» **Data segment**
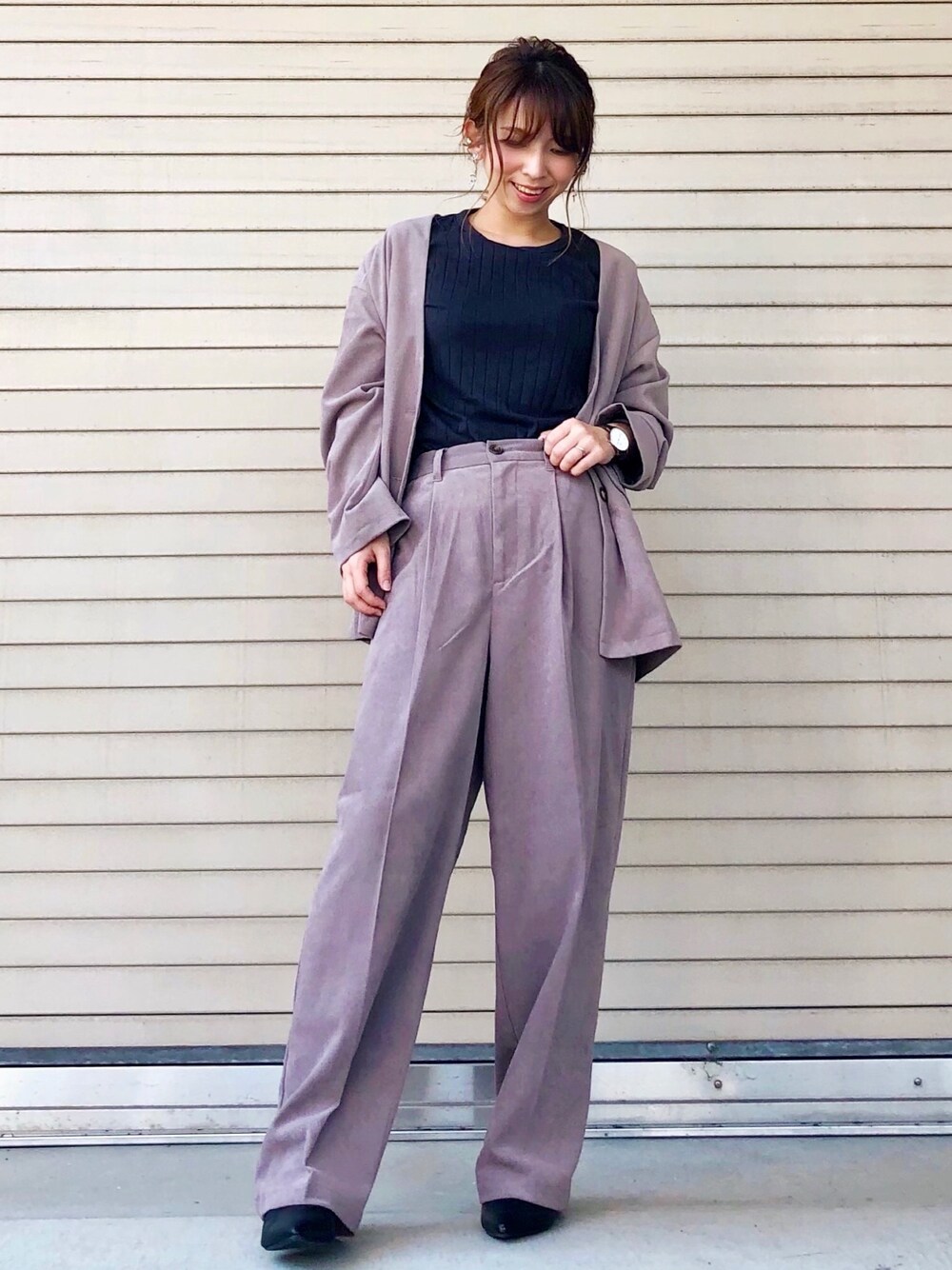 ❤︎セットアップコーデ❤︎ ゆったりシルエットのセットアップ インナーはスッキリしたロンTでシンプルな大人コーデ🤗✨
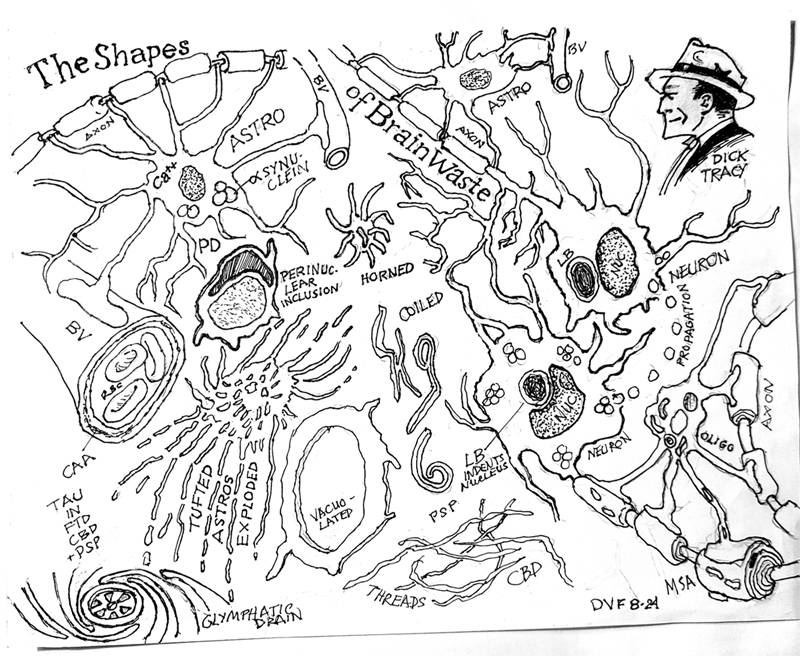“We are the corpses of cortical cells, neurons and astros and oligos. We haunt the microscopic field as ghosts, and we suggest the potential of more to be revealed right under the nose. It would not be surprising if there was significance in the shapes of cellular detritus. Michio Kaku (Quantum Supremacy, Vintage, 2023, p. 187) (2) notes that in the growing understanding of proteinomics, “function follows form” in that it is the shape of a protein molecule (rather than its chemical composition) that produces protein function. Thus, the field of “the protein folding problem”, mapping protein shape, may be the key to diseases they produce (as well as all of their effects). Let us pause for a moment and consider the strangeness of this. An analogy might be that a committee assembling a team of biomedical scientists for a specific task would choose them by a Miss America bathing suit contest, or a Mr. America muscle building contest, rather than the scientists’ proven mental abilities and accomplishments. But then, if we think again, it is not so strange when we consider that evolution, the great computational problem solver over the eons, has availed itself of every possible manner of difference in natural selection from random mutations. Granted that the component atomic structures contribute to molecular profiles, why would nature not avail itself of external shape? A key that opens a lock can be made of silver or brass or lead, and nature has never been constrained by appearances. Not only that, but experiments have found kindergarteners believe prettier teachers are smarter, and Dick Tracy’s villains had observable deformities supposedly betraying inner evil. These assumptions may be false but are popular prejudices. Taking this further, every step of dismantling the intricate structure of cellular machinery poses disposal problems of the shapes of brain garbage. When the junk luggers arrive in the brain, they need to equip themselves with tools and procedures specific for those shapes. In a city or the heavily built-up suburb in which I live, it may be expensive to tear down a house, over 20% of the cost to build one. One cannot simply blow it up (which also usually takes experts), like the Manhattan townhouse an angry divorced man prevented his wife from getting, thereby killing himself and granting her a more valuable buildable lot (Gay Talese, Bartleby and Me, Mariner Books, 2023) (3). Barrel-shaped molecular complexes called chaperones are now known to be involved in proteostasis, or the maintenance of proteins in their functioning folded state, and mutations that impair the chaperones may cause brain disorders called “chaperonopathies” (Manu Sharma, “Some brain disorders are ‘chaperonopathies’”, Science, 2024, 386 pp. 496–7) (4). Why wouldn’t they? A stereoscopic knowledge of our miniature world has progressed, from the basics of DNA and RNA structure by crystallography to the fitting shapes of antibodies. Evidence grows that the environment of this world is not a general chemical soup in which ingredients find one another by random encounters, but a highly structured factory in which siloed, sorted and meaningfully rearranged elements are assembled in corridors by tiny machines as ingenious as nature can devise. But how the polymorphic shapes of detritus are formed in neurodegeneration is yet to be explained. Actions in the microscopic world don’t just happen, as if shaken or stirred into place. Molecular-level machines do mechanical work. Nothing moves without forces exerted or tiny engines operating. Cells divide with little strings attached. Cells are amazingly mobile and agile beyond simple tropisms and osmosis in a jostling environment of Brownian weather. In our bodies the motility devices of precursor animals survive, ciliated and flagellated, or pseudopoded. On closer look, the web of mitochondria acts like a Congressional budget office doling out dollops of energy grants by unknown processes and may contribute an intelligence of its own dating from our primeval mothers. The mitotic spindle is a complex cytoskeletal machine with several moving parts and microtubules that pull apart the replicated daughter chromosomes apart toward poles they are also moving apart. Is the exploded architecture of some defunct astros the result of a tiny centrifugal push or just the dying off of central structures? Do Lewy bodies and other globular elements contract centripetally? Does a molecular membrane contain them? Are they electrostatically bounded with surface tension like raindrops and soda bubbles? How do Lewy bodies push on and indent a nuclear membrane? What propels them to displace? Are there traction and tensile pulls, molecular motors? As structures like the network of dendritic nanotubules are characterized (Dimitri Budinger and Michael T. Heneka, “Hidden networks in the brain”, Science, 2025, 390 pp. 25–26) (5), more questions arise about how they are constructed, work and are maintained. Who belong to the nanoplumbers’ union and how do they apprentice to fix nanoleaks? Do some cell remnants remain longer? Is some trash not picked up or drained so quickly as other trash? Is some never ingested and carried away by macrophages, like a garbage strike in the Bronx? Are some terminally entombed? Kept in a vase on the mantel, as it were? There are wonders, perhaps useful, to be learned from refuse for a future Malpighi, Purkinje, Cajal or Golgi to discover. Nanorobots are on their way in many branches of science, perhaps most in biomedicine. This branch of innovation is developing nanoscopic robotic tools that will be able to operate within the body to manipulate such objects as our neuropathic garbage, when we are able to “swallow the doctor.” Farther in the future is understanding of the deeper quantum level already being built in computation, the promise of which is explained by Michio Kaku in Quantum Supremacy: How The Computer Revolu
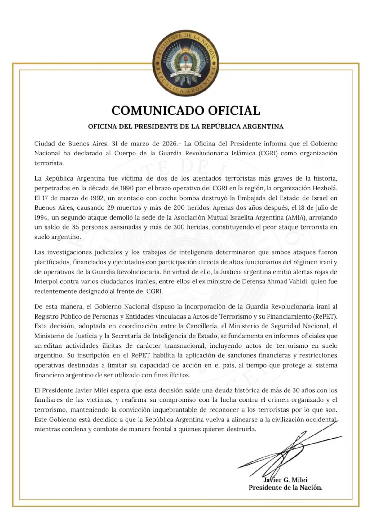En otro tramo, el comunicado introduce un elemento adicional de gravedad al señalar que “resulta particularmente grave la designación en cargos de alta responsabilidad del Cuerpo de Guardia Revolucionaria Islámica (CGRI) de personas requeridas por la Justicia argentina”.

» **Work task**
For this exercise, transcribe the data above line by line, exactly, with pictures omitted.

» **Solution**
 ❤︎セットアップコーデ❤︎ ゆったりシルエットのセットアップ インナーはスッキリしたロンTでシンプルな大人コーデ🤗✨
“We are the corpses of cortical cells, neurons and astros and oligos. We haunt the microscopic field as ghosts, and we suggest the potential of more to be revealed right under the nose. It would not be surprising if there was significance in the shapes of cellular detritus. Michio Kaku (Quantum Supremacy, Vintage, 2023, p. 187) (2) notes that in the growing understanding of proteinomics, “function follows form” in that it is the shape of a protein molecule (rather than its chemical composition) that produces protein function. Thus, the field of “the protein folding problem”, mapping protein shape, may be the key to diseases they produce (as well as all of their effects). Let us pause for a moment and consider the strangeness of this. An analogy might be that a committee assembling a team of biomedical scientists for a specific task would choose them by a Miss America bathing suit contest, or a Mr. America muscle building contest, rather than the scientists’ proven mental abilities and accomplishments. But then, if we think again, it is not so strange when we consider that evolution, the great computational problem solver over the eons, has availed itself of every possible manner of difference in natural selection from random mutations. Granted that the component atomic structures contribute to molecular profiles, why would nature not avail itself of external shape? A key that opens a lock can be made of silver or brass or lead, and nature has never been constrained by appearances. Not only that, but experiments have found kindergarteners believe prettier teachers are smarter, and Dick Tracy’s villains had observable deformities supposedly betraying inner evil. These assumptions may be false but are popular prejudices. Taking this further, every step of dismantling the intricate structure of cellular machinery poses disposal problems of the shapes of brain garbage. When the junk luggers arrive in the brain, they need to equip themselves with tools and procedures specific for those shapes. In a city or the heavily built-up suburb in which I live, it may be expensive to tear down a house, over 20% of the cost to build one. One cannot simply blow it up (which also usually takes experts), like the Manhattan townhouse an angry divorced man prevented his wife from getting, thereby killing himself and granting her a more valuable buildable lot (Gay Talese, Bartleby and Me, Mariner Books, 2023) (3). Barrel-shaped molecular complexes called chaperones are now known to be involved in proteostasis, or the maintenance of proteins in their functioning folded state, and mutations that impair the chaperones may cause brain disorders called “chaperonopathies” (Manu Sharma, “Some brain disorders are ‘chaperonopathies’”, Science, 2024, 386 pp. 496–7) (4). Why wouldn’t they? A stereoscopic knowledge of our miniature world has progressed, from the basics of DNA and RNA structure by crystallography to the fitting shapes of antibodies. Evidence grows that the environment of this world is not a general chemical soup in which ingredients find one another by random encounters, but a highly structured factory in which siloed, sorted and meaningfully rearranged elements are assembled in corridors by tiny machines as ingenious as nature can devise. But how the polymorphic shapes of detritus are formed in neurodegeneration is yet to be explained. Actions in the microscopic world don’t just happen, as if shaken or stirred into place. Molecular-level machines do mechanical work. Nothing moves without forces exerted or tiny engines operating. Cells divide with little strings attached. Cells are amazingly mobile and agile beyond simple tropisms and osmosis in a jostling environment of Brownian weather. In our bodies the motility devices of precursor animals survive, ciliated and flagellated, or pseudopoded. On closer look, the web of mitochondria acts like a Congressional budget office doling out dollops of energy grants by unknown processes and may contribute an intelligence of its own dating from our primeval mothers. The mitotic spindle is a complex cytoskeletal machine with several moving parts and microtubules that pull apart the replicated daughter chromosomes apart toward poles they are also moving apart. Is the exploded architecture of some defunct astros the result of a tiny centrifugal push or just the dying off of central structures? Do Lewy bodies and other globular elements contract centripetally? Does a molecular membrane contain them? Are they electrostatically bounded with surface tension like raindrops and soda bubbles? How do Lewy bodies push on and indent a nuclear membrane? What propels them to displace? Are there traction and tensile pulls, molecular motors? As structures like the network of dendritic nanotubules are characterized (Dimitri Budinger and Michael T. Heneka, “Hidden networks in the brain”, Science, 2025, 390 pp. 25–26) (5), more questions arise about how they are constructed, work and are maintained. Who belong to the nanoplumbers’ union and how do they apprentice to fix nanoleaks? Do some cell remnants remain longer? Is some trash not picked up or drained so quickly as other trash? Is some never ingested and carried away by macrophages, like a garbage strike in the Bronx? Are some terminally entombed? Kept in a vase on the mantel, as it were? There are wonders, perhaps useful, to be learned from refuse for a future Malpighi, Purkinje, Cajal or Golgi to discover. Nanorobots are on their way in many branches of science, perhaps most in biomedicine. This branch of innovation is developing nanoscopic robotic tools that will be able to operate within the body to manipulate such objects as our neuropathic garbage, when we are able to “swallow the doctor.” Farther in the future is understanding of the deeper quantum level already being built in computation, the promise of which is explained by Michio Kaku in Quantum Supremacy: How The Computer Revolu
En otro tramo, el comunicado introduce un elemento adicional de gravedad al señalar que “resulta particularmente grave la designación en cargos de alta responsabilidad del Cuerpo de Guardia Revolucionaria Islámica (CGRI) de personas requeridas por la Justicia argentina”.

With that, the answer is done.